## Exercise brief:
Output each record verbatim, with pictures left out.

## Data in this exercise:
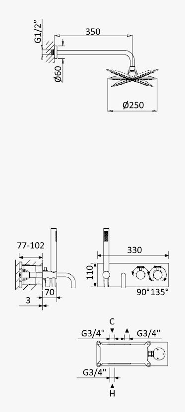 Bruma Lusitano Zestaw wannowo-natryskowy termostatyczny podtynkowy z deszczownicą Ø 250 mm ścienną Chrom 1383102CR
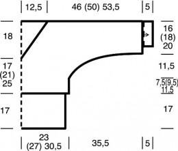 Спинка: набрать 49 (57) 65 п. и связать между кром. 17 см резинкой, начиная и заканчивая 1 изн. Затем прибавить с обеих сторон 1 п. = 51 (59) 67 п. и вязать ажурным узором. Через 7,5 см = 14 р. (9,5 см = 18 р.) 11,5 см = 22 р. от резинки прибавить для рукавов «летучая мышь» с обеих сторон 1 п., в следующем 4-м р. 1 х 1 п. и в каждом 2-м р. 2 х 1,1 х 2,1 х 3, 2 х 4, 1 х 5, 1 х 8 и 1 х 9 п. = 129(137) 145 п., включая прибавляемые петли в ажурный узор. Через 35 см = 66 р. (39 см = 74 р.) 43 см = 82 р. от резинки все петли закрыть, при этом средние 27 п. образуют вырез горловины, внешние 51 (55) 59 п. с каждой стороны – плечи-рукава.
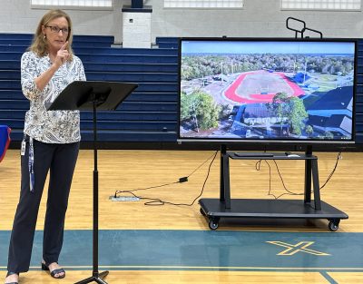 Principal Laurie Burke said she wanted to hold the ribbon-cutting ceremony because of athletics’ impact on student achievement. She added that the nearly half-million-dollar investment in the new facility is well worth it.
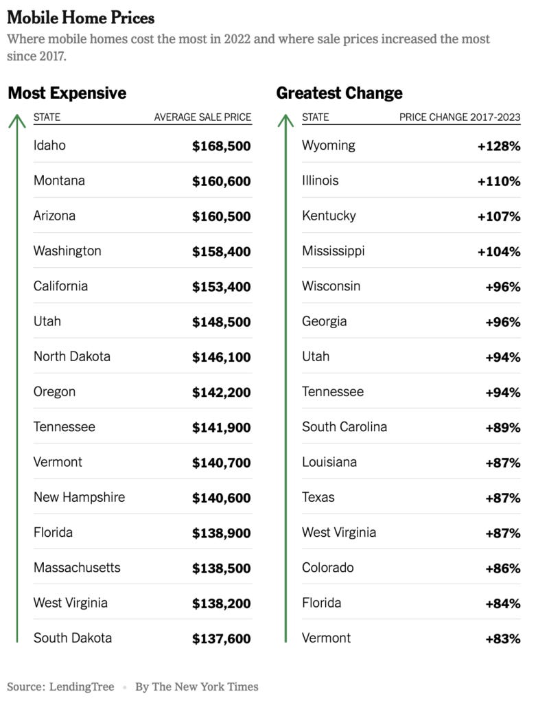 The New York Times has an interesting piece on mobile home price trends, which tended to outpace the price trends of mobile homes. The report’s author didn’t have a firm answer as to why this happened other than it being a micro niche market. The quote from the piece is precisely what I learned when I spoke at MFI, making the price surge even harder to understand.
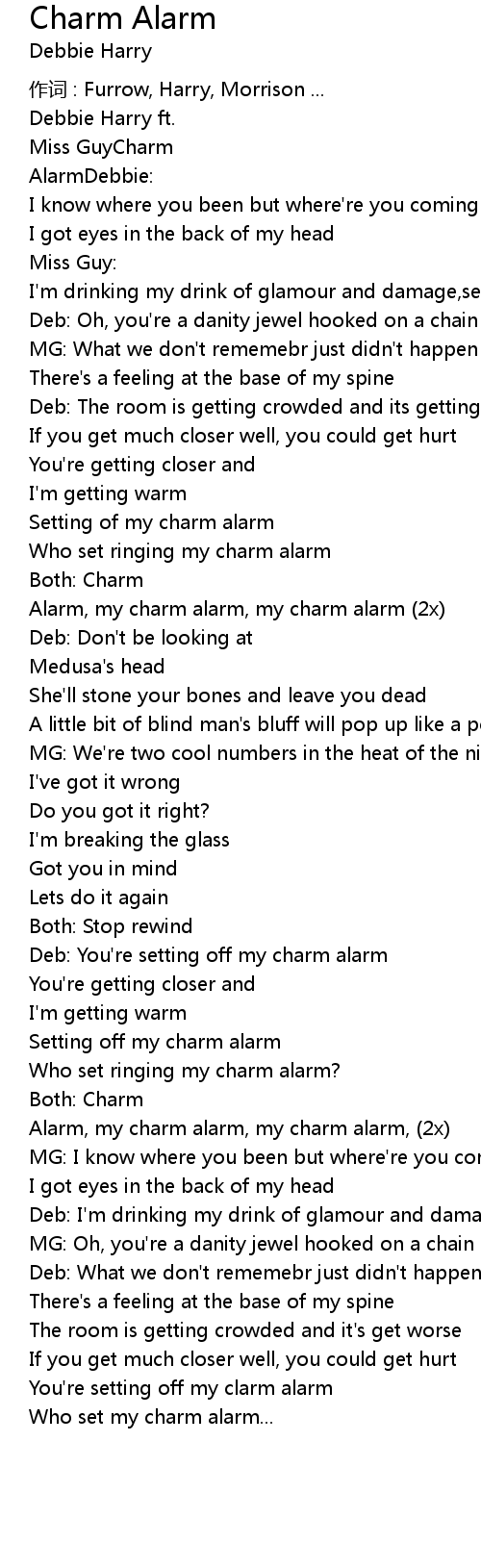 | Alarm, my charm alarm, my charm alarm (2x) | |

## Exercise output:
 Bruma Lusitano Zestaw wannowo-natryskowy termostatyczny podtynkowy z deszczownicą Ø 250 mm ścienną Chrom 1383102CR
 Спинка: набрать 49 (57) 65 п. и связать между кром. 17 см резинкой, начиная и заканчивая 1 изн. Затем прибавить с обеих сторон 1 п. = 51 (59) 67 п. и вязать ажурным узором. Через 7,5 см = 14 р. (9,5 см = 18 р.) 11,5 см = 22 р. от резинки прибавить для рукавов «летучая мышь» с обеих сторон 1 п., в следующем 4-м р. 1 х 1 п. и в каждом 2-м р. 2 х 1,1 х 2,1 х 3, 2 х 4, 1 х 5, 1 х 8 и 1 х 9 п. = 129(137) 145 п., включая прибавляемые петли в ажурный узор. Через 35 см = 66 р. (39 см = 74 р.) 43 см = 82 р. от резинки все петли закрыть, при этом средние 27 п. образуют вырез горловины, внешние 51 (55) 59 п. с каждой стороны – плечи-рукава.
 Principal Laurie Burke said she wanted to hold the ribbon-cutting ceremony because of athletics’ impact on student achievement. She added that the nearly half-million-dollar investment in the new facility is well worth it.
 The New York Times has an interesting piece on mobile home price trends, which tended to outpace the price trends of mobile homes. The report’s author didn’t have a firm answer as to why this happened other than it being a micro niche market. The quote from the piece is precisely what I learned when I spoke at MFI, making the price surge even harder to understand.
 | Alarm, my charm alarm, my charm alarm (2x) | |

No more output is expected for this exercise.